• What the task asks
Write out the entire listing below exactly, with the pictures left out.

[[ Input data, beginning ]]

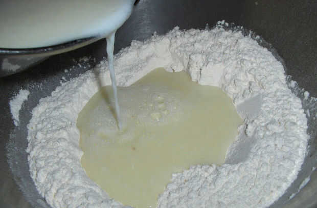 Combine 2 tazas de harina y la levadura en un tazón grande. Calentar la leche, mantequilla, azúcar, sal en una cacerola hasta que la mantequilla se derrita (aproximadamente 115° F). Añadir la mezcla de leche a la harina y la levadura. Mezclar bien, añadir el huevo y batir bien. Añadir el resto de la harina. Amasar, si desean o no amasar, solo Asegúrese que todo esté bien mezclado. Transferir a un tazón engrasado. Cubrir y poner en un lugar cálido a subir hasta que doble su tamaño (1 1/2 h)
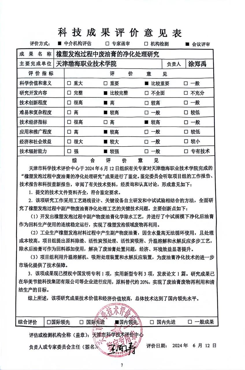 近日,天津市科學技術評價中心的專家組對天津渤海職業技術學院綠色石化科技服務團隊的“橡塑發泡過程中廢油膏的凈化處理研究”科研成果進行鑒定,最終認定該成果達到國內領先水平。
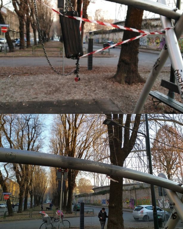 Giochi fuori uso e panchine rotte nell'area bimbi di corso Farini

[[ Input data, end ]]

• Solution
 Combine 2 tazas de harina y la levadura en un tazón grande. Calentar la leche, mantequilla, azúcar, sal en una cacerola hasta que la mantequilla se derrita (aproximadamente 115° F). Añadir la mezcla de leche a la harina y la levadura. Mezclar bien, añadir el huevo y batir bien. Añadir el resto de la harina. Amasar, si desean o no amasar, solo Asegúrese que todo esté bien mezclado. Transferir a un tazón engrasado. Cubrir y poner en un lugar cálido a subir hasta que doble su tamaño (1 1/2 h)
 近日,天津市科學技術評價中心的專家組對天津渤海職業技術學院綠色石化科技服務團隊的“橡塑發泡過程中廢油膏的凈化處理研究”科研成果進行鑒定,最終認定該成果達到國內領先水平。
 Giochi fuori uso e panchine rotte nell'area bimbi di corso Farini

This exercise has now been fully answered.